Paus Fransiskus adalah pemimpin tertinggi agama Katolik sekaligus kepala negara Vatikan. Dua identitas itu pun membahasakan bahwa kunjungan Paus Fransiskus di Indonesia dari 3-6 September 2024, bukan saja bermotifkan agama, tetapi lebih jauh menyangkut relasi antara negara.
Lewat tulisan ini saya coba memaknai relevansi kunjungan Paus Fransiskus untuk Indonesia sebagai sebuah negara dalam bingkai tema kunjungan tersebut.
Temanya, "Faith, Fraternity, and Compassion". Tema ini menunjukkan tiga keutamaan yang sebenarnya ada pada jati diri manusia  pada umumnya dan terejahwantah dalam relasi sosial antara sesama manusia.
Pertama, Faith (Iman)
Sila Pertama Pancasila, "Ketuhanan yang maha Esa", cukup jelas menggariskan bahwa Indonesia adalah negara yang penduduknya mempunyai iman kepada Tuhan. Iman itu diekspresikan dan diungkapkan lewat beragama. Atau dengan kata lain, baju agama menjadi instrumen manusia untuk mengungkapkan iman kepada Tuhan.
Pastinya, kedatangan Paus Fransiskus berefek pada ungkapan iman yang beragama Katolik pada khususnya, dan harapannya bisa berdampak pada relasi dengan kaum agama lain yang ada di Indonesia.
Menjadi sebuah keistimewaan kala Paus Fransiskus memilih datang ke Indonesia, yang mana jumlah penganut Agama Katolik terbilang minoritas. Harapannya, meminjam pernyataan dari Mgr. Soegijapranata, "100 persen Katolik, 100 persen Indonesia", kehadiran Paus Fransiskus seyogiannya meneguhkan iman dari penganut agama Katolik dan sekaligus menjadi undangan untuk mewujudkan imannya sebagai warga Indonesia yang baik dan bertanggung jawab.
Untuk konteks Indonesia, relevansi kunjungan Paus Fransiskus bisa menjadi pengingat pada iman setiap penduduk Indonesia, terlepas baju agama apa yang dikenakan. Dalam mana, iman itu mesti mengakar dan bukan superfisial.
Ketuhanan yang Maha Esa menjadi sila yang cukup mendalam tentang identitas kita sebagai orang Indonesia. Konsekuensi logisnya jelas. Kita berkeyakinan kepada Yang Ilahi. Keyakinan itu sekiranya terpancar lewat cara hidup kita.

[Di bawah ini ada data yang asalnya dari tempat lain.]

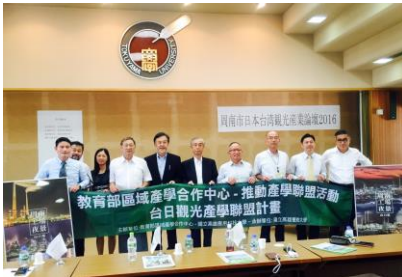
日台観光論壇(2016年7月開催)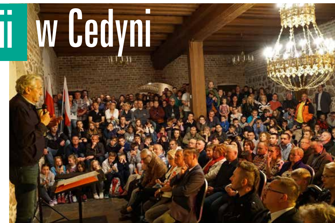
Na spotkanie z Bogusławem Wołoszańskim przybyły tłumy miłośników historii, 13.05.2016

waczom przysług. Program od 1983 roku ewoluował: zaczęło się od nagrań studyjnych, potem docierania do autentycznych miejsc związanych z II wojną światową - m.in. Linii Maginota czy fortu Eben Emael. W końcu - wykorzystywania potencjału grup rekonstrukcji historycznej. Programy przypominały widowiska historyczne. Oprócz amatorów, brali w nich udział nawet zawodowi aktorzy. Spotkanie z redaktorem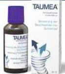
Abbildung Betroffenen nachempfunden

TAUMEA. Wirkstoffe: Anamirta cocculus Dil. D4, Gelsemium sempervirens Dil. D5. TAUMEA wird angewendet entsprechend dem homöopathischen Arzneimittelbild. Dazu gehört: Besserung der Beschwerden bei Schwindel. www.taumea.de • Zu Risiken und Nebenwirkungen lesen Sie die Packungsbeilage und fragen Sie Ihren Arzt oder Apotheker. • PharmaSGP GmbH, 82166 Gräfelfing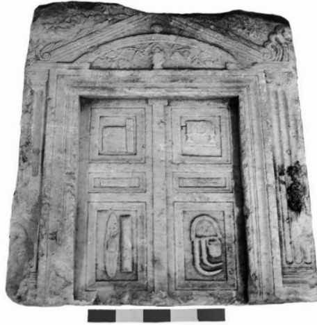
Resim 1: Sebaste Kapı Tipli Mezar Steli

Ironisnya, ketika ungkapan iman berbanding terbalik dengan cara hidup berbangsa dan bernegara. Misalnya, ketimpangan sosial akibat kerakusan segelintir kelompok, korupsi dan nepotisme yang seperti tak ada ujungnya, pengrusakan lingkungan demi menggolkan kepentingan bisnis semata hingga relasi antara sesama manusia yang tak adil menjadi wajah terbalik dari ekspresi iman.